Pythian Blog: Technical Track

Python: Using Dataclasses to Model Your Data

Here at Pythian, we love our data. Our code is no exception (pun sort of intended), so I’ll be covering dataclasses in Python today.

The problem

As a Python developer, you’ve almost certainly run into code that looks like the following:

def add_user(user: dict):
  name = user['name']
  birthday = user['birthday']
  gender = "Undisclosed"

  try:
     gender = user['gender']
  except KeyError:
     pass

If you’re really lucky, there will be a docstring for this function that outlines the structure of the parameter user, saving you from having to dig through the function and identify the possible keys that exist in parameter user.

The problem here is twofold:

  1. Dictionaries in python are mutable and can have arbitrary schemas. 
    1. This in itself isn’t a problem and can be a good thing, depending on your needs.
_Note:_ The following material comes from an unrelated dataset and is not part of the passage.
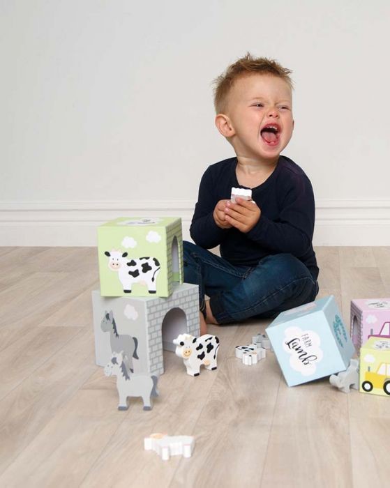• Součástí jsou i malá dřevěná zvířátka: 2 kravičky, 2 koníci, 2 prasátka, 2 ovečky, pejsek a kočička

Its usage, however, is really only enabled by the quality of the second point, which is:
  2. You must rely on the documentation to know the structure, and the documentation must stay updated as the structure evolves.

The solution – using dataclasses

Now that we’re up to speed on how relying on dictionaries to represent our data causes a problem, let’s look at a less ambiguous solution:

from dataclasses import dataclass

@dataclass
class User(object):
  name: str
  birthday: str
  gender: str = 'Undisclosed'



def add_user(user: User):
  name = user.name
  birthday = user.birthday
  gender = user.gender

The first piece is defining the user class: We’ve created our properties, assigned a default value to one of them, and slapped a @dataclass decorator up top. By using this decorator, we:

  1. Give our user class the following constructor (this isn’t perfect — more on this later):
def __init__(self, name, birthday, gender):
  self.name = name
  self.birthday = birthday
  self.gender = gender

     2. Give our user class a __repr__ method, which automatically makes our object’s properties discoverable when printed/cast to a string.

     3. Document the structure of our user using Python, rather than just docstrings.

That last point is the biggest advantage, and it covers the primary problem we’re trying to solve. By making a class/type for our user object, we’ve unambiguously defined all of the keys (now properties) of a user and what type that property is. From a readability standpoint, type hinting is great to have. Type hinting has the side effect of letting your IDE know what to expect, too. 

Note: While dataclasses are great at making data more discoverable and consistent, they are not a substitute for documentation.

I had mentioned during point 1 that the constructor that the dataclass annotation gives us isn’t perfect—you may have noticed that the types are missing.

Thankfully, dataclasses give us a hook system that lets us validate after the object has been initialized by defining a __post_init__ method:

def __post_init__(self):
  for (name, field_type) in self.__annotations__items():
     if not isinstance(self.__dict__[name], field_type):
        given_type = type(self.__dict__[name])
        raise TypeError(f"The field `{name}` must be `{field_type}` (found `{given_type}`).")

Dataclass checks to see if __post_init__ has been defined, and if it has, it automatically runs after the object has been initialized.

You can also use @dataclass(init=False) if you want to define your own, more strongly typed constructor.

Dataclasses also have a few other niceties, such as an overloaded equals operator so you can compare your models. For comprehensive documentation on dataclasses, check out Python’s official documentation.